3. Objective Pay Setting
The Directive strengthens the legal principle that equal work or work of equal value must be remunerated equally. Employers must rely on objective, gender-neutral criteria when determining remuneration.
How Employers Can Prepare Now
With the June 2026 deadline approaching fast, preparation should begin immediately:
Audit Current Pay Structures: Start collecting and analysing internal pay data by gender across all job categories.
Establish Transparent Pay Policies: Create documented, objective criteria for salary decisions and ranges for roles.
Engage HR, Legal & Compliance: Integrate reporting and compliance tasks into your HR and governance frameworks.
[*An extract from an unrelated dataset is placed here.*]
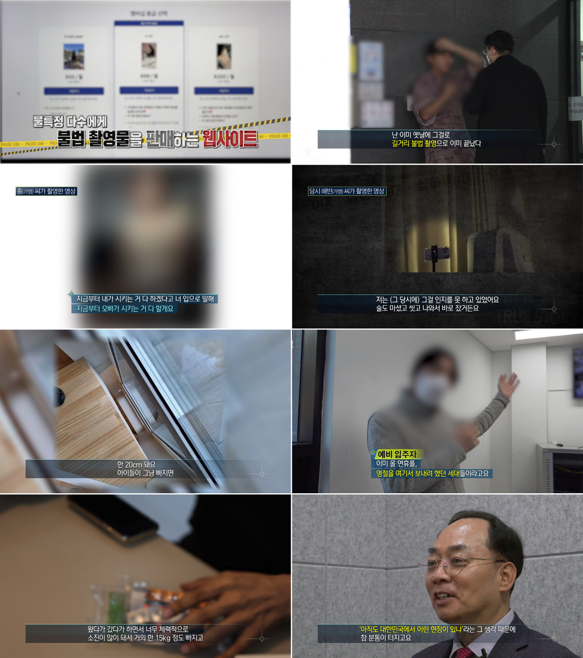 제작진은 수소문 끝에 홍 씨(가명)가 촬영한 영상에 자주 등장하는 한 여성을 만나 이야기를 들어봤다. 자신을 홍 씨(가명)의 전 여자친구라고 소개한 이 여성은 언젠가 촬영된 영상들이 유포될 거란 걸 예상했다고 한다. 그러나 홍 씨(가명)는 불법 촬영으로 이미 7년 전 집행유예를 받은 뒤 더 이상 이 같은 행동을 하지 않았다며 모든 사실을 부인하고 있다.
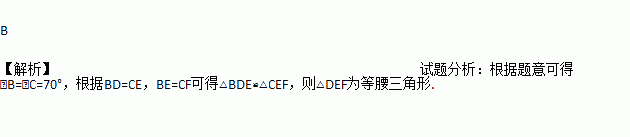 如图,在△ABC中,AB=AC,BD=CF,BE=CD,若∠A=40°,则∠EDF的度数为( )

Educate Leaders and Employees: Build internal understanding of the Directive’s requirements and expectations.
Conclusion
The EU Pay Transparency Directive marks a significant shift from “equal pay as a principle” toward equal pay as proof. It places employers and policymakers on a shared journey toward measurable gender pay equity, backed by enforceable transparency measures and accountability.
For employers operating across the EU and HR professionals supporting them early action is not only wise, it’s essential. Compliance will require strategic planning, cultural change, and robust data management, but it also presents a unique opportunity to lead on fairness and equity in the workplace.